Fronteira is a municipality in the west of the Brazilian state of Minas Gerais. The population is 18,492 (2020 est.) in an area of 199.99 km^{2}. It became a municipality in 1943.

==Geography==
Fronteira is located at an elevation of 458 meters in the west of the area known as the Triângulo Mineiro, on the Transbrasiliana highway—Br-153. The Rio Grande, a tributary of the Paraná River, forms its southern boundary. The Marimbondo Dam and hydroelectric station is on the southern boundary of the municipal area. It belongs to the statistical microregion of Frutal. Neighboring municipalities are:
- North: Frutal
- East: Guaraci state of São Paulo
- West: Orindiúva state of São Paulo
- South: Icém, São Paulo

Distances
- Belo Horizonte: 645 km.
- Frutal: 44 km.
- Uberaba: 189 km.
- Uberlândia: 218 km
- São José do Rio Preto: 65 km.
- São Paulo: 477 km

==Economic activities==
The most important economic activities are cattle raising, royalties from the hydroelectric station on the Rio Grande, commerce, and agriculture.
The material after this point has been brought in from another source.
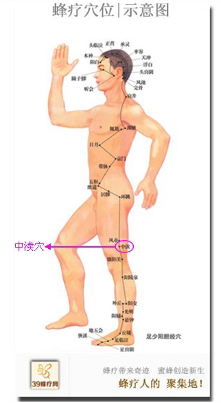 中渎穴 该穴位于人体的大腿外侧,当风市穴下2寸,或腘横纹上5寸,股外肌与股二头肌之间。

The GDP in 2005 was R$1,035,952, with R$716,164 from industry; R$102,776 from services; and R$18,221 from agriculture. Fronteira is in the top tier of municipalities in the state with regard to economic and social development. As of 2007 there was one banking agency in the town. There was a well-developed retail infrastructure serving the surrounding area of cattle and agricultural lands. In the rural area there were 141 establishments occupying about 1,000 persons. 48 of the farms had tractors, a ratio of one in three. There were 1,889 automobiles in all of the municipality, about one for every 6 inhabitants—a high ratio for Brazil.

Fronteira is an important agricultural producer. There were 7,000 head of cattle in 2006, of which 4,000 head were dairy cows. In permanent crops there are 633 ha. planted, while in perennial crops 12,500 ha. were planted.
The crops with a planted area of more than 100 hectares were pineapple, sugarcane, corn, and soybeans.

==Health and education==
In the health sector there were 07 health clinics and no hospitals. In the educational sector there were 02 primary schools and 01 middle school.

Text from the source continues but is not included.